Saracen on horseback fighting in Sicily, late-thirteenth-century fresco, Tour Ferrande, Pernes-les-Fontaines, France. (The Art Archive/Dagli Orti)

Saracen on horseback fighting in Sicily, late-thirteenth-century fresco, Tour Ferrande, Pernes-les-Fontaines, France. (The Art Archive/Dagli Orti)

For other medieval writers, Saracen was used to denote the Muslim; Islam was frequently referred to as the Lex Sar- racenorum or Lex Machometi (Law of Muhammad). These authors depict the Saracens not as idolaters, but as heretics, blind followers of the arch-heresiarch Mahomet.

A more ambivalent image of the imagined Saracen world is presented in romances of the thirteenth and fourteenth centuries, where the treasures of the East beckon and beautiful Saracen princesses are ready to help their Western heroes out of dangerous scrapes. Religious differences for the most part remain comfortably in the background, the supposed paganism of the Saracens an occasional object of curiosity rather than animosity. Another genre that received increasing attention and elaboration in the fourteenth century was the narrative of real or imagined travels to the East. Here the Saracen world has become a distinct part of a larger entity: the Orient.
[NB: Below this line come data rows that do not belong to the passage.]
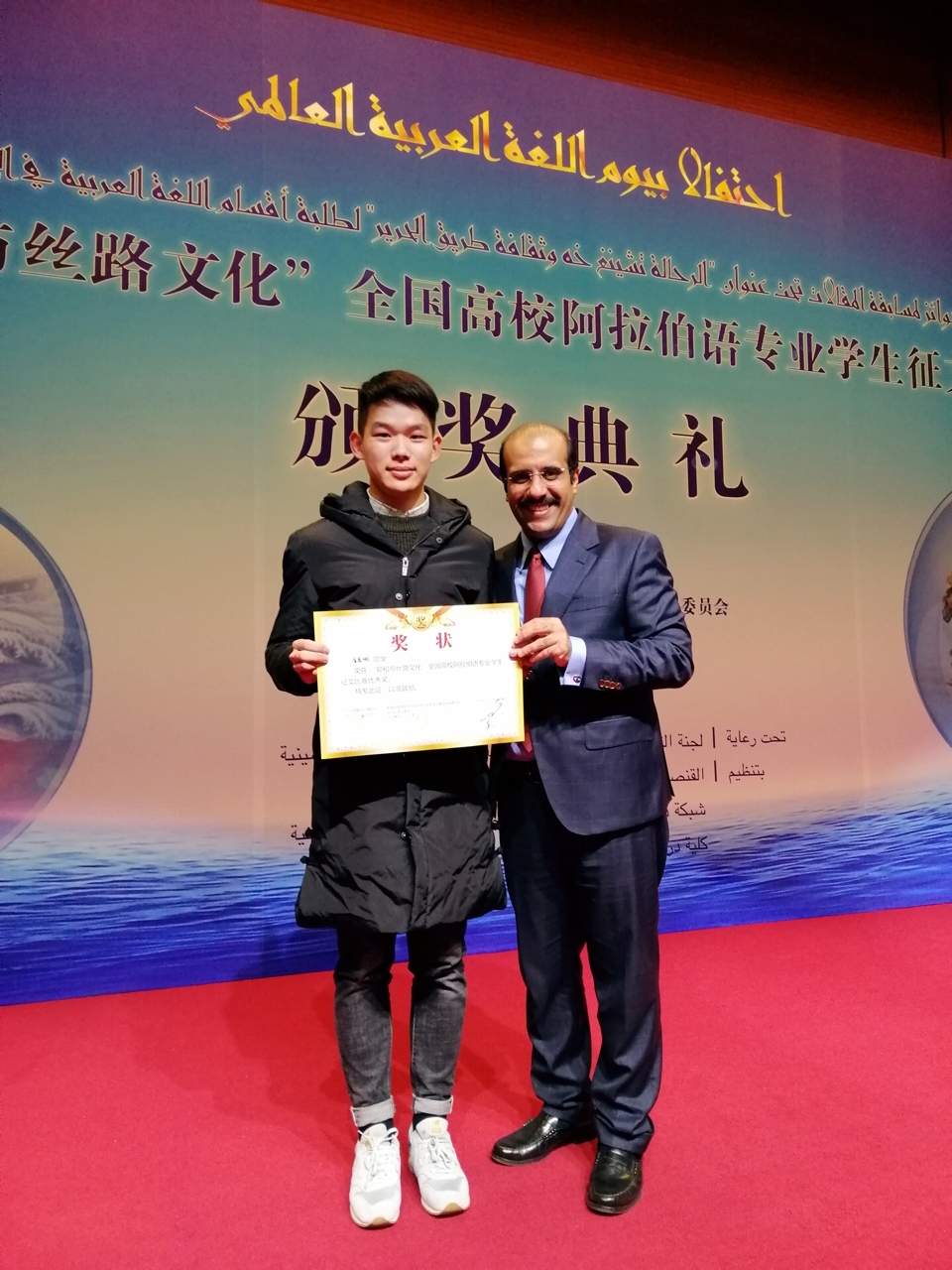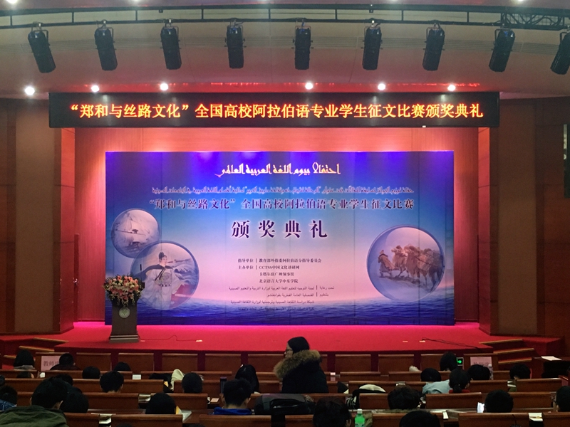 12月18日即“世界阿拉伯语日”,全国“郑和与丝路文化”征文比赛颁奖仪式在北京语言大学逸夫楼礼堂隆重举行。国产自拍 阿语1501班林建杰、阿语1701班金展鹏的作品从全国众多佳作中杀出重围,分别获三等奖和优秀奖。据悉,该比赛的征文对象为全国高校阿拉伯语专业本科生以及硕士研究生,以学校为单位,每所院校最多推荐5篇稿件,可谓高手如云,优中选优!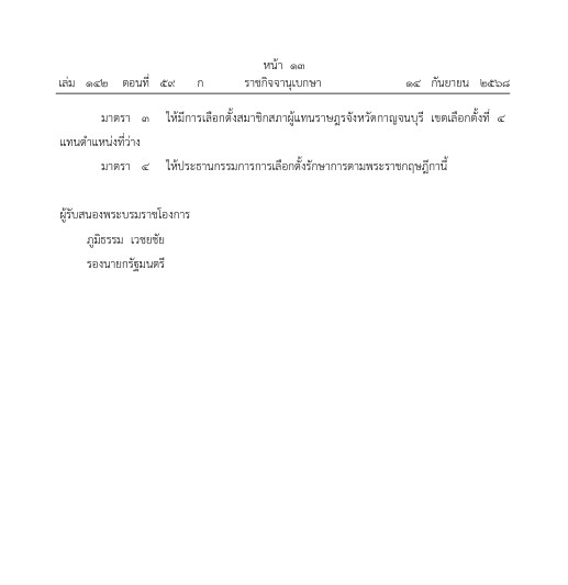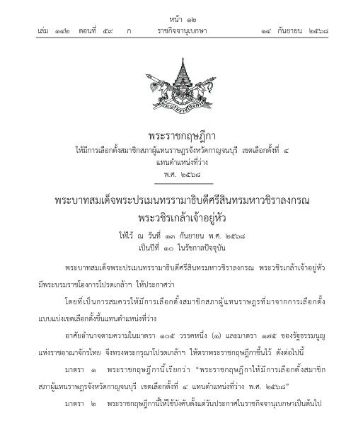 14 ก.ย.2568-เว็บไซต์ราชกิจจานุเบกษา เล่มที่ 142 ตอนที่ 59 ก เผยแพร่พระราชกฤษฎีกาให้มีการเลือกตั้งสมาชิกสภาผู้แทนราษฎรจังหวัดกาญจนบุรี เขตเลือกตั้งที่ 4 แทนตำแหน่งที่ว่าง พ.ศ. 2568 ความว่า พระบาทสมเด็จพระปรเมนทรรามาธิบดีศรีสินทรมหาวชิราลงกรณ พระวชิรเกล้าเจ้าอยู่หัว ให้ไว้ ณ วันที่ 13 กันยายน พ.ศ. 2568 เป็นปีที่ 10 ในรัชกาลปัจจุบัน มีเนื้อหาว่า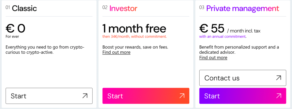 Coinhouse offers subscriptions to access advanced features and benefit from price reductions. Here is an overview of the main plans offered: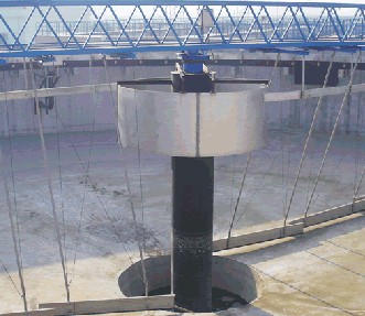 刮泥機,是一種排泥設(shè)備。組成部分:刮泥機由桁車、刮泥耙、撇渣板、驅(qū)動裝置和自控柜等到組成。分類:刮泥機主要有中心傳動刮泥機、周邊傳動刮泥機。中心傳動刮泥機主要由工作橋、傳動裝置、穩(wěn)流筒、傳動軸、刮臂、刮泥板等組成。該機設(shè)有橫跨池子的固定平臺,工作時其整機載荷都作用在工作橋中心;污水經(jīng)池中心穩(wěn)流筒均流到四周。隨著過流面積增大而流速降低,污水中的沉淀物沉淀于池底,刮泥機將沉淀的污泥刮集到中心集泥坑中,利用水壓將其從污泥管中排出。該機結(jié)構(gòu)簡單,傳動平穩(wěn),動力消耗低,刮泥效果好,是一種理想的排泥設(shè)備;周邊傳動刮泥機用于城市污水處理廠、自來水廠以及工業(yè)廢水處理中輻流式圓形沉淀池和濃縮池中,排除沉降在池底的污泥和撇除池面的浮渣。應用領(lǐng)域:刮泥機主要應用于鋼鐵、冶金、礦山、水處理等行業(yè)。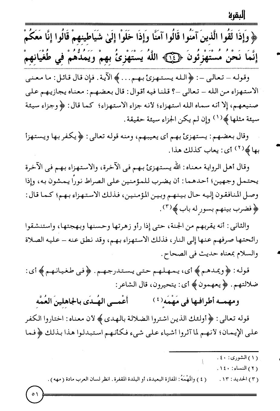 قَوْله: {ويمدهم} أَي، يمهلهم حَتَّى يستدرجهم. {فِي طغيانهم} أَي: ضلالتهم. {يعمهون} أَي: يتحيرون، قَالَ الشَّاعِر:

As the traveler moves ever further east, from Latin Europe to the Byzantine world, through the Muslim lands, and perhaps into India, China, or the mythic islands inhabited by dog-headed men, fish-people, or Amazons, the world becomes progressively stranger and more wondrous. The Saracen is no longer the Other par excellence; for some of these authors, the Saracens’ customs and religion now seem comfortably (or disturbingly) close to their own.
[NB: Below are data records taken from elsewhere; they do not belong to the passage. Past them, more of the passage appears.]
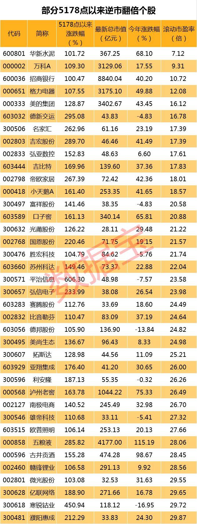 在逆市翻倍股当中,还有12只个股市盈率不足20倍。其中,5178点以来大涨近102%的华新水泥,最新滚动市盈率不足8倍榜单最低;逆市上涨超109%的万科A市盈率9.31倍位居榜单次席;涨超100%的招商银行,市盈率不足11倍位居榜单第三位。
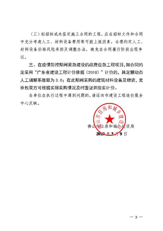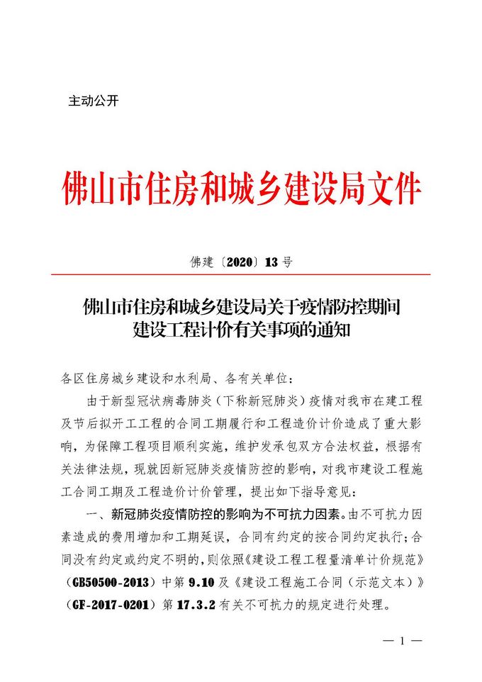 佛山市住房和城鄉(xiāng)建設(shè)局關(guān)于疫情防控期間建設(shè)工程計價有關(guān)事項的通知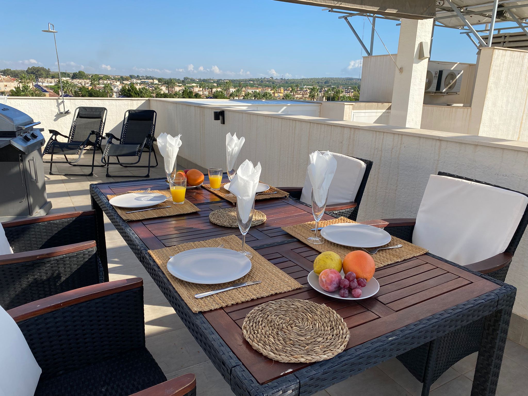 Exclusive Penthouse with Private Rooftop Terrace – Built in 2019Are you dreaming of a modern holiday home in Spain where luxury, comfort, and tranquility meet? This elegant penthouse apartment has it all – a spacious private rooftop terrace, stylish interiors, fantastic communal facilities, and a unique location close to the famous La Mata salt lake.Property HighlightsPrivate 67 m2 rooftop terrace with open views towards El Raso and the mountains2 bright bedrooms with built-in wardrobes – master with en-suite bathroom2 modern bathrooms with sleek finishesSpacious open-plan kitchen and living area with high ceilings and natural lightSouth-facing terrace overlooking the palm garden, pool, and Torrevieja’s evening skylineAir conditioning in both the living room and bedroomsPrivate underground parking with space for a car and bicyclesPremium Community FacilitiesThe gated complex offers everything you need to enjoy life under the Spanish sun:Two large pool areas surrounded by lush gardens and palm treesFitness area, mini golf, pétanque court, and children’s playgroundExclusive spa with jacuzzi and sauna (including infrared option)Perfect LocationThe apartment is set in a peaceful area with restaurants, bars, and a minimarket within walking distance. Every Sunday you can also explore a large local “lemon market” nearby.Only 4.5 km from some of the best beaches on the coastClose to the La Mata salt lake, renowned by WHO for its healthy microclimate – great for asthma, allergies, and joint issuesScenic surroundings with palm trees, mountain views, and sunshine year-roundAn Ideal Investment – and a Retreat in the SunWhether you’re looking for your private holiday getaway or a lucrative rental opportunity, this penthouse is a rare combination of modern comfort, stunning surroundings, and a prime location.Contact us today for more information or to arrange a viewing – this property is a must-see!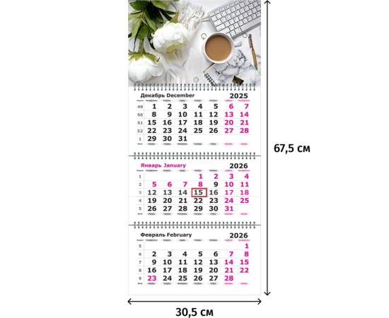 Календарь настенный 3-х блочный 2026 Офис 30.5x67.5 см 2293577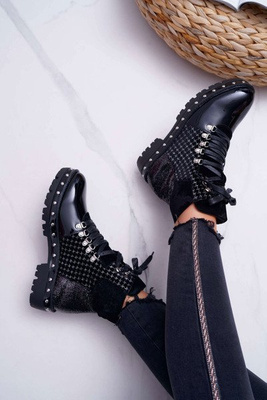 Damen Nietenschnallenstiefel Schwarz Berugio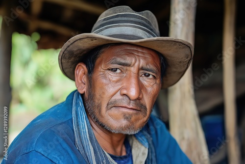 Portrait of a thoughtful man wearing a hat, showcasing deep emotions and wisdom in a rustic setting, reflecting cultural heritage and identity concept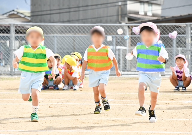 (年少→直線、年中→トラック半周、年長→トラック一周)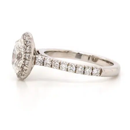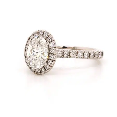 A beautifully handcrafted 18ct white gold engagement ring, KIRSTY features a striking oval lab-grown diamond at its centre, elegantly secured with four claws. Enhancing its brilliance, the centre stone is framed by a delicate halo of 18 natural round brilliant cut diamonds, adding timeless sparkle and depth. The shoulders are gracefully adorned with 8 additional natural round brilliant diamonds on each side, creating a seamless flow of light and luxury.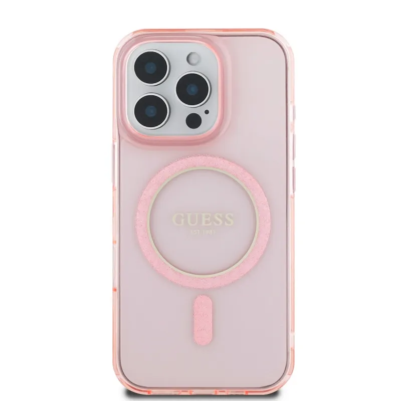 Guess IML Glitter Ring MagSafe hátlap iPhone 16 Pro rózsaszínű iPhone 16 Pro készülékhez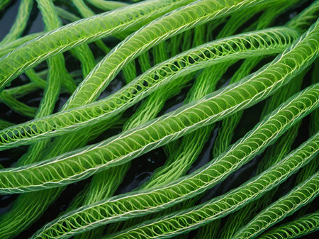 Microscopic view of vibrant green algae, close-up, biofuel concept, scientific detail.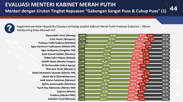 Berikut menteri dengan tingkat kepuasan tertinggi berdasarkan Survei Poltracking Indonesia, 3 – 10 Oktober 2025 terhadap 1.220 responden: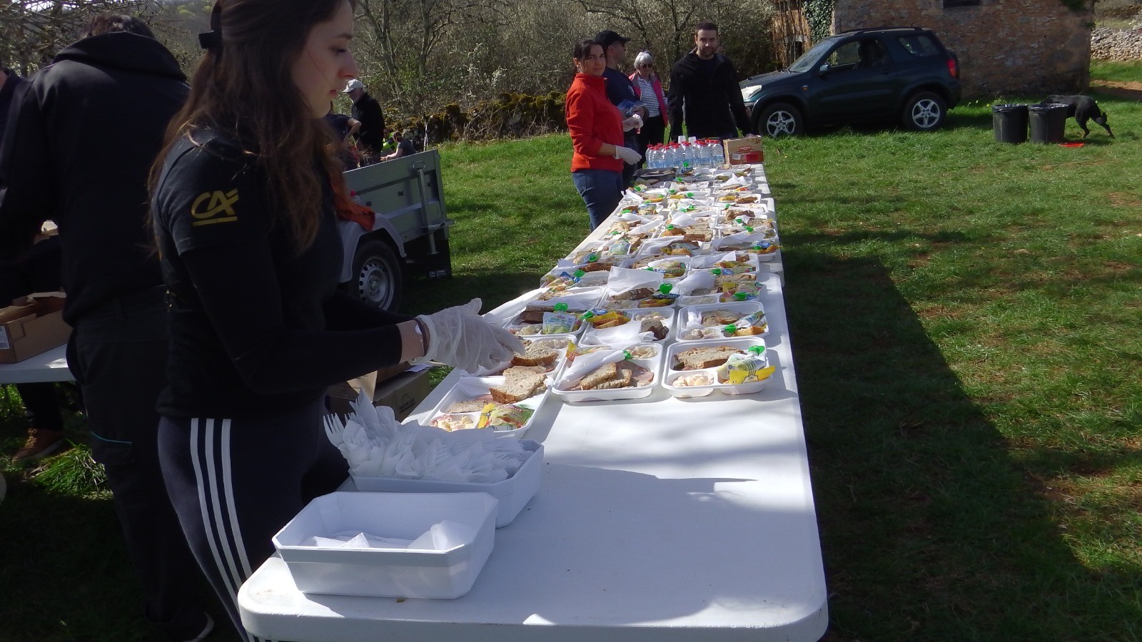 A mi parcours, le repas servi en plein air en bordure de la falaise qui domine Autoire a étté bien accueilli par tout le monde.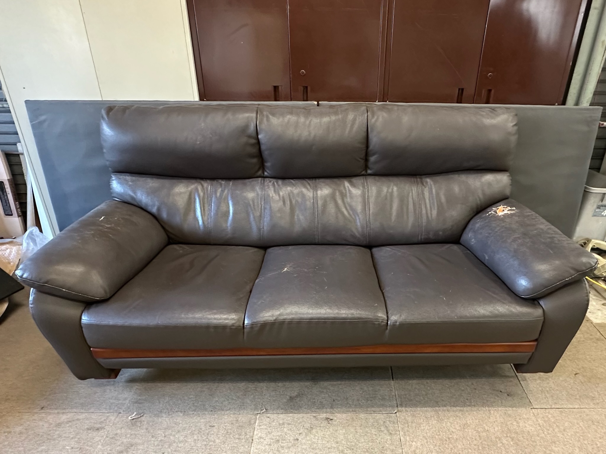 病院にある三人掛けのソファを張替えさせていただきました。本革のソファでしたが、擦れなどの箇所の量、これからのメンテナンス面を考え補修は、合皮素材へ張替えました。合皮は本革に比べ手入れがしやすいの...

In the fourteenth century the boundaries between genres such as epic, romance, travelogue, and so on began to break down, at times producing strange blends. A good example of this is provided by the Guerrino il Meschino by Andrea da Barberino (d. 1431). At several points Andrea depicts Saracens worshiping Muhammad as a god and as part of the standard idolatrous pantheon of the chansons de geste; yet elsewhere he distinguishes clearly between paganism and Islam and condemns Muhammad as a false prophet. His descriptions of religious practices are more exotic than polemical. In the fifteenth century, as the Ottomans seized Constantinople (mod. Istanbul, Turkey) and pushed into the heart of Europe, the polemical view of the Muslim again returned to the fore, though now, rather than the Saracen, he was presented as the Turk.